Court Opinion

ID: 9707703
Source: CourtListenerOpinion
Date Created: 2023-08-26 02:19:13.465546+00
Date Added: 2024-06-11T15:41:45.606121
License: Public Domain

KONENKAMP, Justice
(dissenting).
I respectfully dissent on Issue One. This case should be remanded for a voluntariness hearing. If the trial judge determines the statements admitted in the first trial were involuntary, then the statements should be excluded and a new trial ordered. If the judge determines the statements were voluntary, then the judgment should be affirmed. This Court adopted the same procedure in State v. Stumes, 90 S.D. 382, 241 N.W.2d 587 (1976).
Even under the majority’s holding, the trial court must now proceed to conduct a voluntariness hearing before the new trial. If the court determines the statements were voluntary then the new jury will presumably hear the same evidence offered in the first trial. For what purpose then is the majority ordering a new trial? The jury will not be determining the statements’ voluntariness. We adopted the so-called orthodox rule in State v. Thundershield, 83 S.D. 414, 160 N.W.2d 408 (1968), sanctioned by the United States Supreme Court in Jackson v. Denno, 378 U.S. 368, 84 S.Ct. 1774, 12 L.Ed.2d 908 (1964). Under this rule the “judge solely and finally determines the voluntariness of the confession.... ” Thundershield, 160 N.W.2d at 411. If and only if the trial court on remand determines that the statements were not voluntary, will a new trial be necessary, •because only then will the new jury not be hearing essentially the same evidence the first jury heard.
The United States Supreme Court approved this very procedure thirty years ago:
But if at the conclusion of such an eviden-tiary hearing in the state court on the coercion issue, it is determined that [the defendant’s] confession was voluntarily given, admissible in evidence, and properly to be considered by the jury, we see no constitutional necessity at that point for proceeding with a new trial, for [the defendant] has already been tried by a jury with the confession placed before it and has been found guilty.

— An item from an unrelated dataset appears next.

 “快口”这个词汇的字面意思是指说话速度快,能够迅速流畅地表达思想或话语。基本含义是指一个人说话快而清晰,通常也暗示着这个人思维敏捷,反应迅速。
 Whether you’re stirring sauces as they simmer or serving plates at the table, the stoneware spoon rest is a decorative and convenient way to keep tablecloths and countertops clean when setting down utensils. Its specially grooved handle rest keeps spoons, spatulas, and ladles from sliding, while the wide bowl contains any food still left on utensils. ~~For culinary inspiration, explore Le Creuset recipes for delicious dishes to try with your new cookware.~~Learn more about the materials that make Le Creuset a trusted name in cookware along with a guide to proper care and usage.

Jackson v. Denno, 378 U.S. at 394, 84 S.Ct. at 1790; see also Boles v. Stevenson, 379 U.S. 43, 85 S.Ct. 174,13 L.Ed.2d 109 (1964). The Court in Lufkins v. Solem, 716 F.2d 532 (8th Cir.1983), relied upon by the majority, rejected the Supreme Court’s recommendation in Jackson v. Denno, supra, but for two clearly distinguishable reasons not present in this case. First, in Lufkins a new trial was ordered because original trial counsel failed to sequester three “unreliable eyewitnesses” and a new voluntariness hearing could not cure the prejudice to the original jury. Id. at 542. Second, the Lufkins court reasoned:
[E]ven if a full and fair voluntariness hearing determines that Lufkins’ statement was properly admitted during Lufkins’ trial, this would not cure the prejudice caused by the jury’s presence when the trial court took testimony on the voluntariness of Lufkins’ statement and ruled that *713the statement was voluntary for purposes of admissibility.

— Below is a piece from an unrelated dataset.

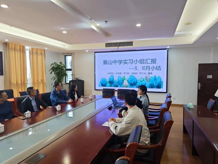 座谈会在姜山中学行政楼七楼会议室开展,姜山中学党委书记楼力敏、教务处葛晓红、地理组俞海萍、林梁杰、陆如良和沈苑超老师参加本次会议。首先,由史绎楠同学作为实习生代表,从教学工作和班级管理两个方面,汇报和展示近一个半月的实习工作进展。

Id. Here the trial court made no such ruling in the jury’s presence, So unlike in Lufkins, the trial judge did not infringe on the jury’s right to accept or reject Erickson’s statements. Defense counsel’s general objection fails to preserve for appellate review any other purported error. State v. Kaiser, 504 N.W.2d 96 (S.D.1993); State v. Rufener, 392 N.W.2d 424 (S.D.1986), modified in part, 401 N.W.2d 740 (S.D.1987).
I am authorized to state that Chief Justice MILLER joins this dissent.